When parents want to move their child to another classroom

By Angela Watson

Founder and Writer

When parents want to move their child to another classroom

By Angela Watson

Having a parent ask to move a child to a different classroom can be a huge blow to a teacher’s confidence. And it’s an issue that nearly every educator will face at some point–if not at multiple points–in their career. Sometime parents don’t like the fact that you are forcing them to address issues they’ve tried to sweep under the rug. Other times it’ s a personality conflict, a disagreement over your teaching style, or simply an attempt to get their child into the classroom of a teacher they think will do a better job.

Regardless of the reason, a parent requesting to have a student transferred to another classroom is enough to shake any teacher’s morale. Here are 6 strategies to help you handle the situation effectively:

Consider the element of truth in the parent’s criticism and disregard the rest.

Think deeply about your teaching practice. What is the heart of the issue that the parent is complaining about? On what points is she or he correct? Everyone has skills which they can improve, and if the parent has identified some legitimately weak areas of your teaching, you owe it to yourself and your students to consider that. Discern for yourself which pieces of information are insults/exaggerations and which pieces have an element of truth that needs to be dealt with. Don’t get so caught up in being offended that you miss the opportunity to reflect on your teaching and improve it.

Don’t go on the defensive.

The first time a room change is mentioned, you might want to try smoothing things over: “I really love having __ in my classroom, and she’s adjusted really well and made some great friends. I’d love to keep her in my room. I feel confident we can come up with a solution together and move forward.” But if the parent is insistent, don’t fight tooth and nail over every complaint. Resist the urge to call the parent or write a 5 page letter defending yourself. Tell yourself, This parent thinks the child will do better in another classroom, and he has the right to think that. I wish the family the best. I’m moving on and focusing on the needs of the kids who are still in my room.

 

Remember that the parent truly believes s/he is acting in the child’s best interests.

In Awakened: Change Your Mindset to Transform Your Teaching, I wrote a lot about the principle of separate realities.
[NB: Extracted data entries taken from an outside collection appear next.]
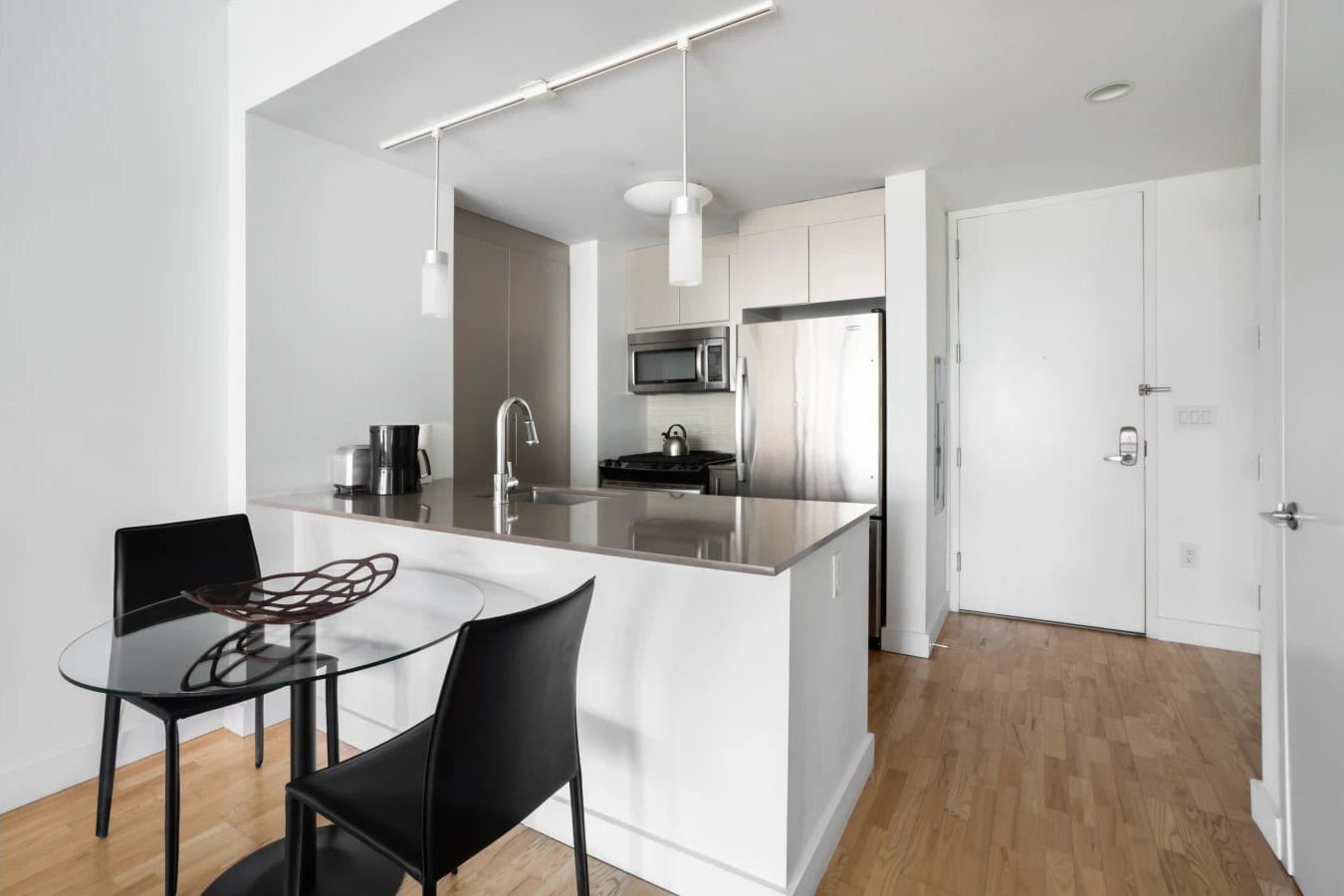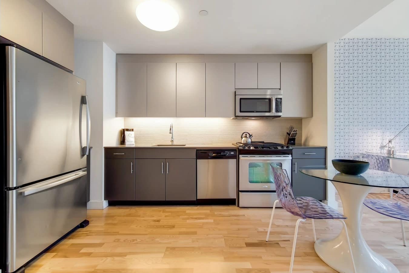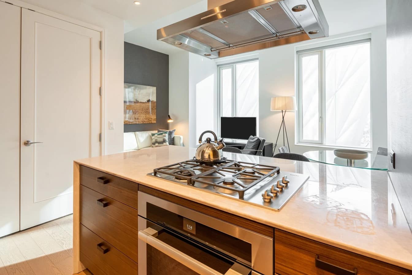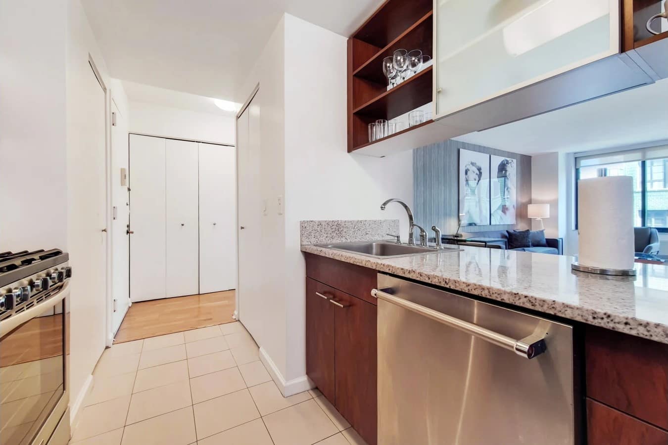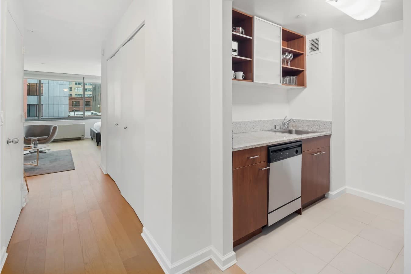 Chelsea Galleries Apartments offers an exceptional residential experience in the heart of Manhattan’s Chelsea neighborhood, directly adjacent to the iconic High Line. This well-appointed one-bedroom, one-bath apartment showcases a modern, open-concept layout designed for both comfort and style. Featuring 9-foot ceilings, floor-to-ceiling windows, and engineered wood flooring, the apartment is flooded with natural light and offers scenic views of the Empire State Building, the New York Times Building, and the Hudson River. The kitchen is fully equipped with stainless steel appliances, quartz countertops, and sleek cabinetry, while the in-unit washer/dryer and individually controlled air conditioning add convenience. The queen-size bed is dressed in plush linens, providing a restful retreat in the heart of the city.
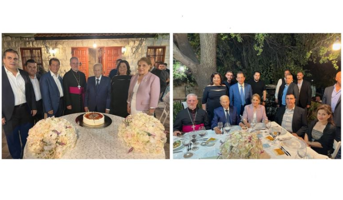 وفي الختام، قطع العماد عون والمطران عون وصاحبا الدعوة قالب حلوى في المناسبة.
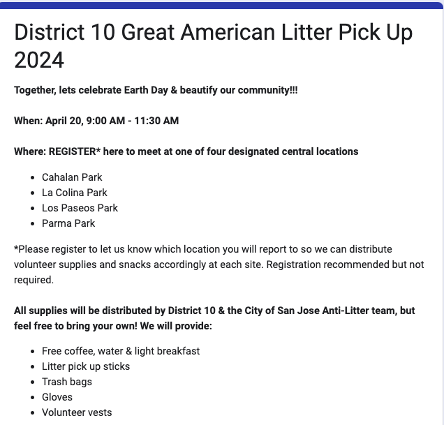 There's a form. There's a link in my blog You can come and join and hang out and we're doing area 10 is doing four different parks Come by pick up some trash meet your neighbors and have some breakfast. It's a great way to make our place a little bit better It's just parks, not the freeways. We can do what we can do, right?
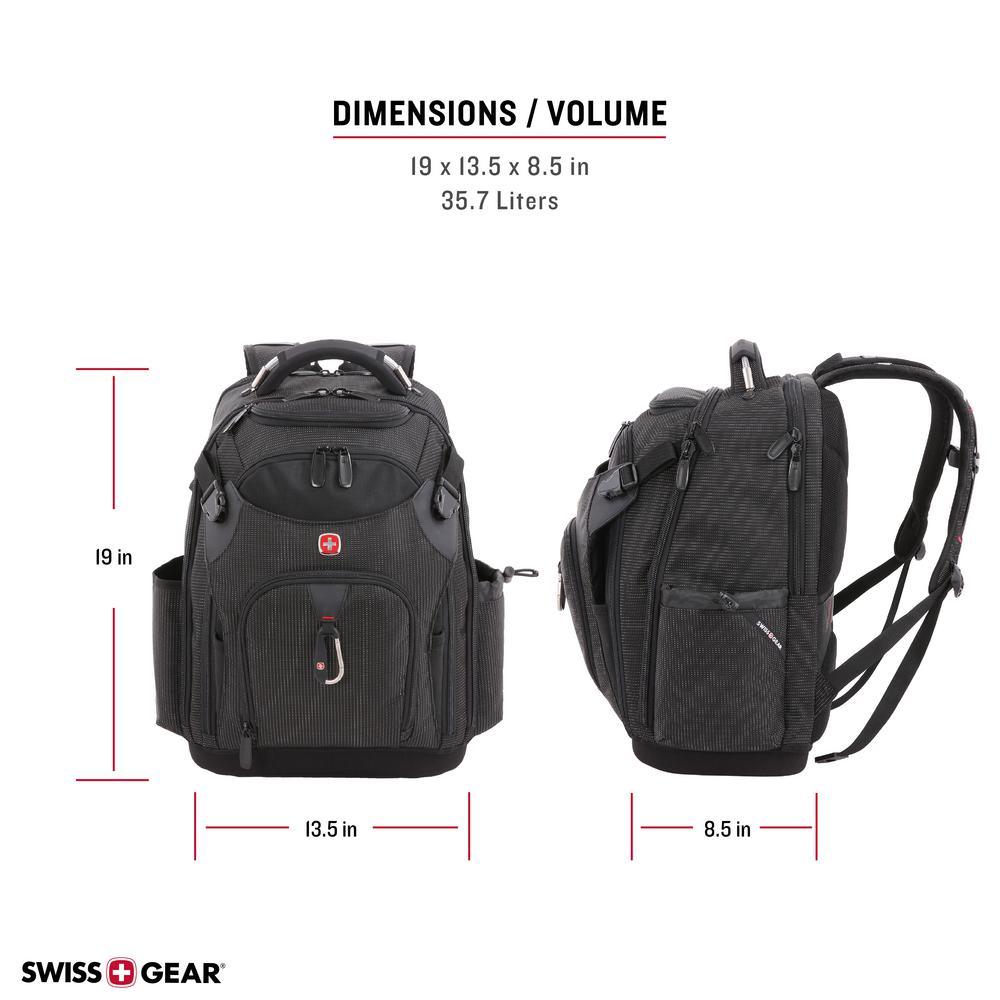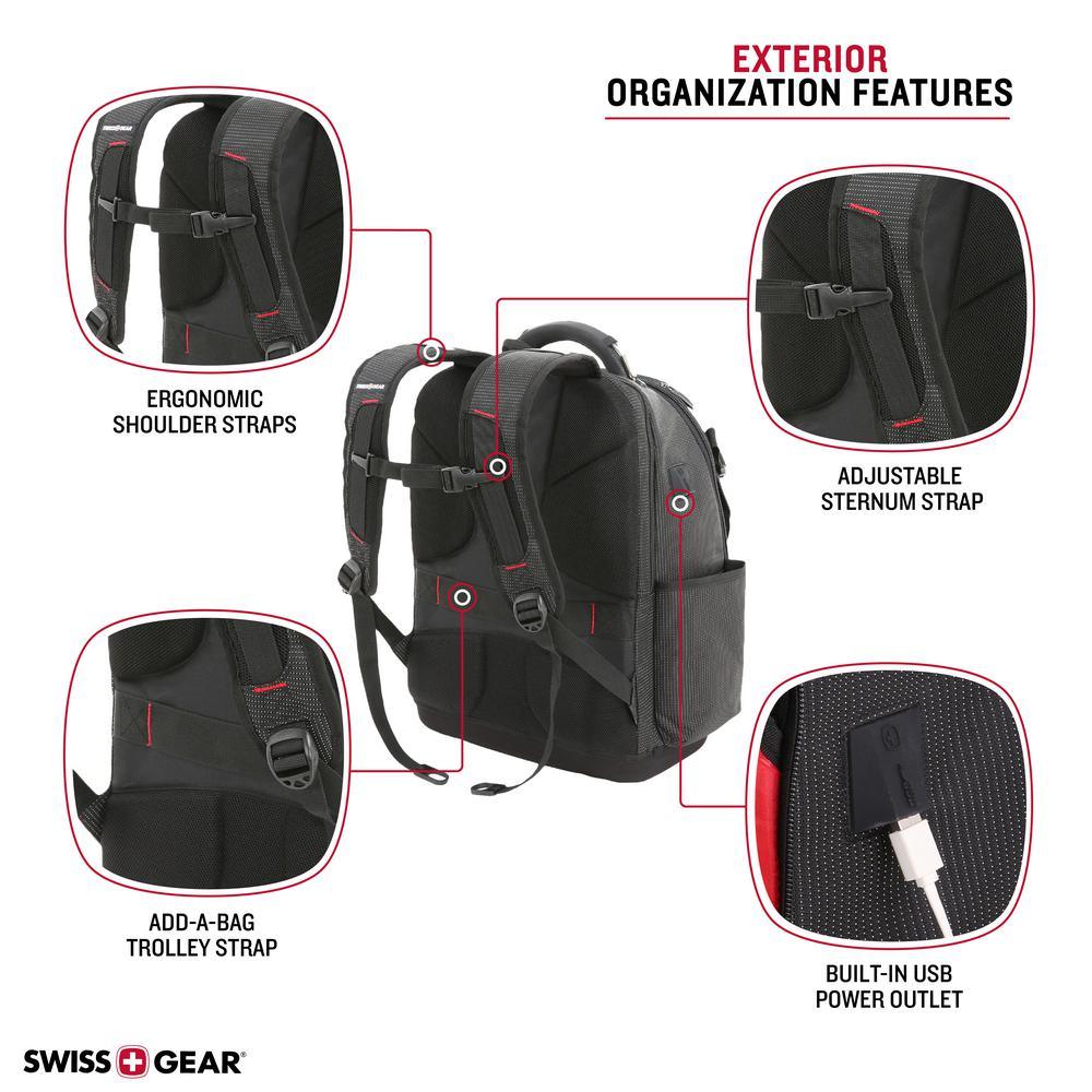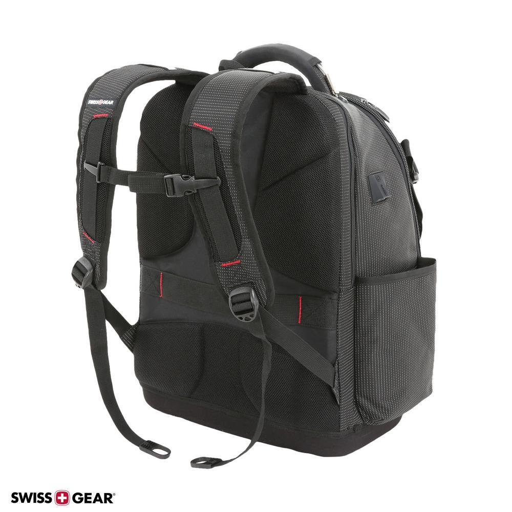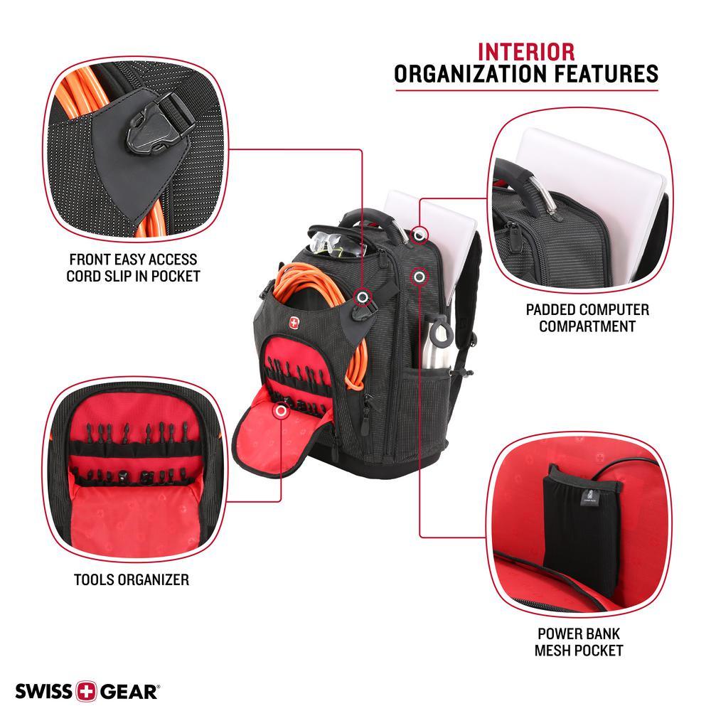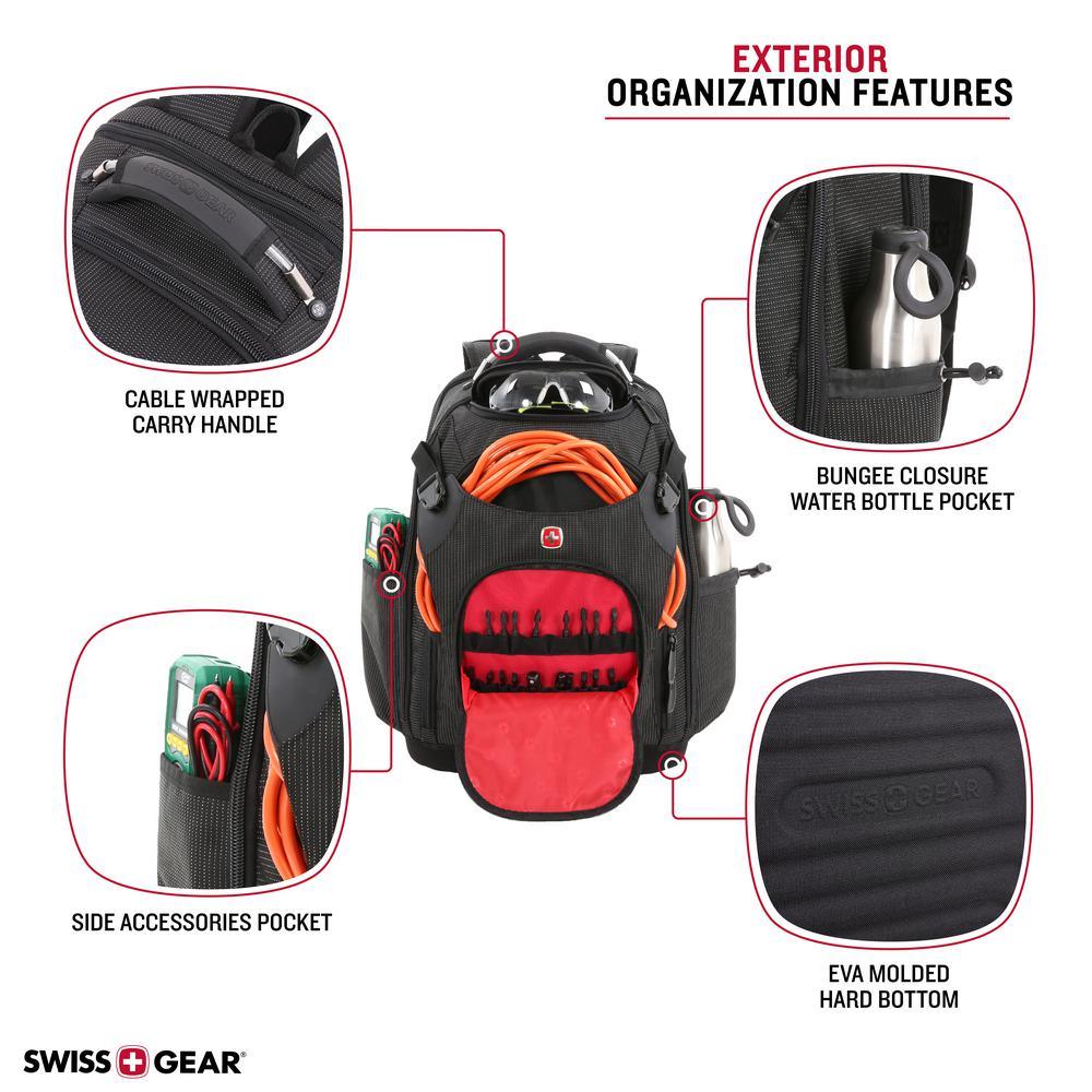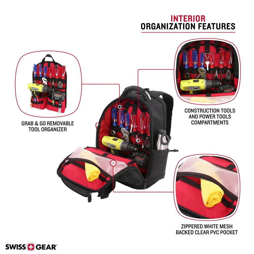Ready for it all and Engineered to carry all your work tools and devices, this SWISSGEAR 3636 Work backpack combines the portability of a toolbox with the modernity of a backpack. Its rugged construct features a designated 17 laptop compartment, a built-in USB port and 3 zip compartments with more than 60 organizer slots for hand tools, nails, hammers and drills. An external front pocket integrates 20 divider slots to accommodate a range of tool sizes while a second zip pocket includes 2 large slip pockets and multiple slots to store a measuring tape, rulers, screwdrivers and other supplies. Inside the main compartment, find a removable grab-and-go tool caddy as well as a wet/dry PVC pocket and a hook and loop closure pocket. Stash large cable cords inside a front slip section and protect your safety glasses inside a hard-molded top pocket. A side cinch water bottle pocket along with an Airflow technology back panel and shoulder straps provide lasting comfort on the worksite. An EVA molded hard bottom keeps this pack standing upright so you can reach in and out of each compartment seamlessly.
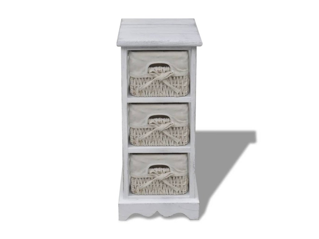 Dřevěný úložný regál se 3 pletenými košíky bílý 240796

Other people will never the see world as we do, because they haven’t had all the same experiences we’ve had. That means trying to understand why they “don’t get it” will result in frustration every time because we each truly live in a separate reality. If a parent is requesting that his child be moved to another classroom, it’s because he sincerely believes that his or her child would be more successful there. You don’t have to agree with his position, but if you understand that the parent believes it deeply and is trying to advocate for the child, it’s easier to accept.

Let go of the offense: stop thinking about it, and stop talking about it.

Don’t tell everyone in the school about what happened. Don’t repeat the incident to all your friends, your spouse, your mom, and your neighbor. Don’t think about it, and don’t talk about it. The less you allow thoughts about negative situations to stay in your mind, the fuzzier your memories become, and the weaker your attached emotions get. Each time you are tempted to replay what happen, say to yourself, It’s over. I’m choosing not to think about that anymore.

Accept the fact that some parents are never going to like you.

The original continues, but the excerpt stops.